- there are creatures whose footsteps survive them in places,
- filled with the fossilized remains of what dropped
- from their mouths as wisdom.
- where they fell they decayed and their remains and the remains of their vegetable
prey gradually condensed so that, glacier-chewed, it didn’t matter
what they were because now they are coal and they rest in eternal pieces
- in beds of shale and silt and dirt.
- the sea dwindles yet
- and the ground is not steady
- undermined as it is by miles of tunnels
- some of them man-made
- which collapse under the weight of the mechanical beasts
- after the coal-miner’s product
- heedless of the effort to lug that black rock
- from those bleak, narrow holds,
- pores in the earth that leave on the skin a dark cast
- till every white sheet on the washing room line
- carries an imprint of a man stretched out like a fossil.
- loco-
- motives were what drove us out at night
- acting out our mother’s secrets in the streets
- oh, she with the purified air and he with the reputation. it was
the talk of the town and why did she do it, fair, young thing that she was
and him a no account from birth. oh heaven help us when it gets to this—a
woman is not safe from a man’s attention. oh, how they stare,
just like they could see right through ya.
- but who saw through whom?
- on that blizzard night when all the coal went white and he asked her
to dance? who saw through whom as he escorted her from the hall
and she with dainty slippers on her feet and nothing on her head?
everyone knew he had a soul as black as sin and she was no exception. did
she really think he’d take her home?
- well he didn’t, did he?
- but he didn’t force her.
- she said no.
- he said walk.
- she tried to, fey creature in the snow
- but the ground collapsed beneath her, undermined as she was by her sense of honor and his pride.

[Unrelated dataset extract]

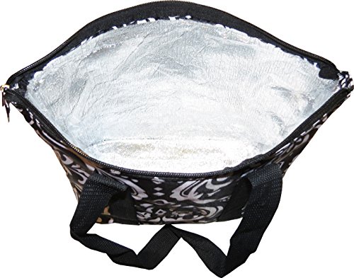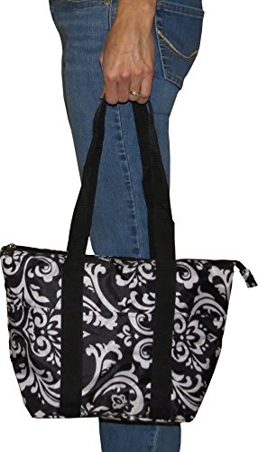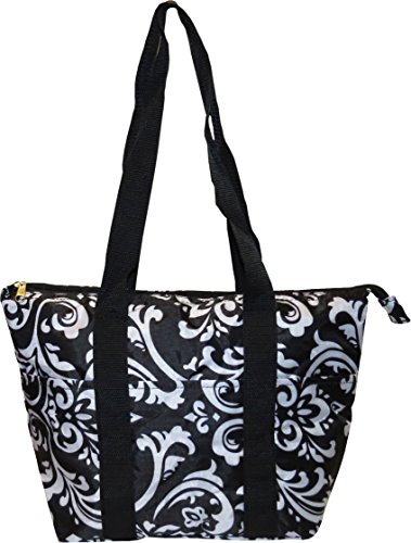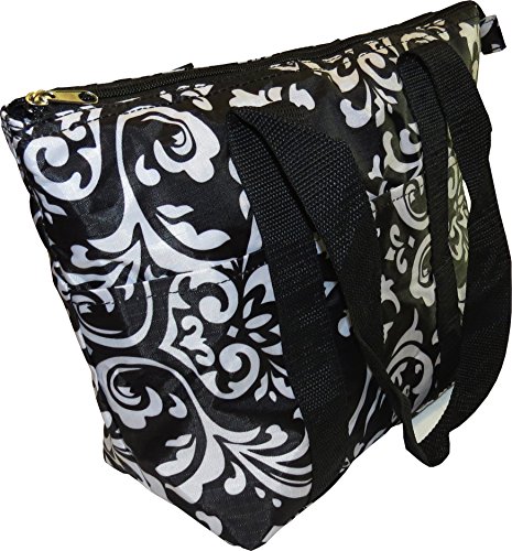 -. Binding : Apparel -. Brand : Express Yourself Products -. Color : Black/White -. Department : womens -. EAN : 0682384215920 -. Feature : Approximate Size: 14 x 5 x 9 inches (LxWxH). / Patterned vinyl insulated lunch bag - easily holds several lunch containers and a drink / Three small outside pockets - great for holding utensils, napkins, condiments, etc. / Zipper closure and comfortable fabric carrying handles. / FREE Standard Shipping -. PackageQuantity : 1 -. ProductGroup : Apparel -. ProductTypeName : BAG -. Size : One Size -. Title : Black Damask Large Insulated Lunch Bag -. UPC : 682384215920

- how frail we are against the elements;
- who do we think we are
- and does the snow care?
- there once was a dream:
- a deer, a doe, was dying but wouldn’t die, couldn’t
comprehend the subtle implications of her body. she came to a human
couple—a man and a woman—to be saved from her fate. they
didn’t take her for anything other than a wild creature acting
strange and carried her everywhere they went, taking care not to trail
her thin, spindley legs in the snow. it wasn’t until a hunter
revealed to them that the doe was contaminated that the couple knew
they would have to kill her to preserve the way of things. they
wondered why she didn’t know to do this herself and, so
wondering, were startled by noises they heard in the yard, growling
noises, gutteral and deep, and then a cough. in the silence the
humans rushed out to find the doe dead, her throat torn open
and fallen into the snow and the weight of her was resting on the
corpse of her killer, a dog to whom she’d given her scent.
- there is this that
- a creature in motion in response to conditions
- can only be said to have experienced
- laughter retroactive the facts of the situation.